● **Exercise data**
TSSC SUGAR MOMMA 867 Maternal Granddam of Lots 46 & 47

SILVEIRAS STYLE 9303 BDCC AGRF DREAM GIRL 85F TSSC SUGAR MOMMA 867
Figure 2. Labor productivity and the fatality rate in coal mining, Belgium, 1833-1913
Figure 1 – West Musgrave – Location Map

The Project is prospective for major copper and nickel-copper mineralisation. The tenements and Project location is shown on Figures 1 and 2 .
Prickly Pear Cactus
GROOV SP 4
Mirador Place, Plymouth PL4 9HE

* * *

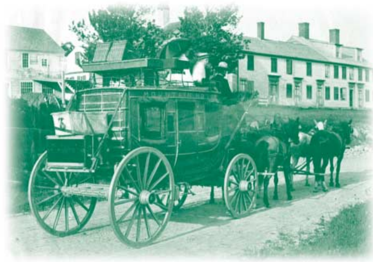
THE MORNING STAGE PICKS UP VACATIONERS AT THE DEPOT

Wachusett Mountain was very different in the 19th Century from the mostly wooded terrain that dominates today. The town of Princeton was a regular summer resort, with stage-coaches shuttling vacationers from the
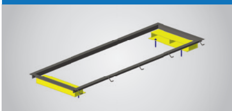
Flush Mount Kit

--

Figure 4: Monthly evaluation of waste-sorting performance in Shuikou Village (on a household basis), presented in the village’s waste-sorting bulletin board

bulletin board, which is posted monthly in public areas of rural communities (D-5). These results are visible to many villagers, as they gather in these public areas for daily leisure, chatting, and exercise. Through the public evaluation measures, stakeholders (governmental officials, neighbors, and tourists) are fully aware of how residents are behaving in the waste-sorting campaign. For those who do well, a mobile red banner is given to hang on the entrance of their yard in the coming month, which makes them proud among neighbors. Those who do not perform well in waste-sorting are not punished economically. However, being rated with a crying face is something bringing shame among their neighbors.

● **Action item**
List every line in the records above that contains the word "MOMMA".

● **Response to the exercise**
TSSC SUGAR MOMMA 867 Maternal Granddam of Lots 46 & 47
SILVEIRAS STYLE 9303 BDCC AGRF DREAM GIRL 85F TSSC SUGAR MOMMA 867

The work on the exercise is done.